To run the benchmarks, you can use the following command:
To run on only glove-100-euclidean dataset with all installed algorithms, for which the config.yml files have the 'disabled' setting set to false:
python run.py
Otherwise use the following commands to run specific algorithms on specific datasets.

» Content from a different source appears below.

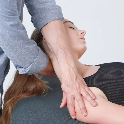 The brachial plexus passes through the anterior and medial scalene muscles. In contrast, the upper portion of the long thoracic nerve passes between the middle and posterior scalene. In this technique, we stretch the scalene muscles and mobilize these nerves. Your right hand slowly rotates, and the left sidebends the client's neck to the first restrictive barrier using a counterforce between the left hand and the right forearm. Repeat this technique on the right side and then repeat the sequence 3-5 times, assessing the quality of the movement for improvement.

For testing purposes we refer back to the '-20k' GloVe datasets, but you can use any of the datasets mentioned above.
python run.py --dataset <dataset_name> --algorithm <algorithm_name>
Then to generate plots of the results, for latex too, and the website to view them on:
python create_website.py --latex
You can also specify the output directory with --outputdir <directory_name>
.
python create_website.py --latex --outputdir benchmark_results
In some cases it may be necessary to expand the timeout for the benchmarks, you can do this with the --timeout
flag eg.
python3 run.py --timeout 20000 --dataset <dataset_name> --algorithm <algorithm_name>
Further this repo has been expanded with scripts for calculating expansion, local relative contrast (RC) and local intrinsic dimensionality (LID), the inspiration as well as the scripts(where only RC have been adapted to work for P2HNNS) come from Martin Aumüller and Matteo Ceccarello from the paper "The Role of Local Dimensionality Measures in Benchmarking Nearest Neighbor Search" and their github repo https://github.com/Cecca/role-of-dimensionality.
To make use of them, update the script compute-rc-lid-expansion.py
with the datasets you want to compute the metrics for, and run it with the command:
python compute-rc-lid-expansion.py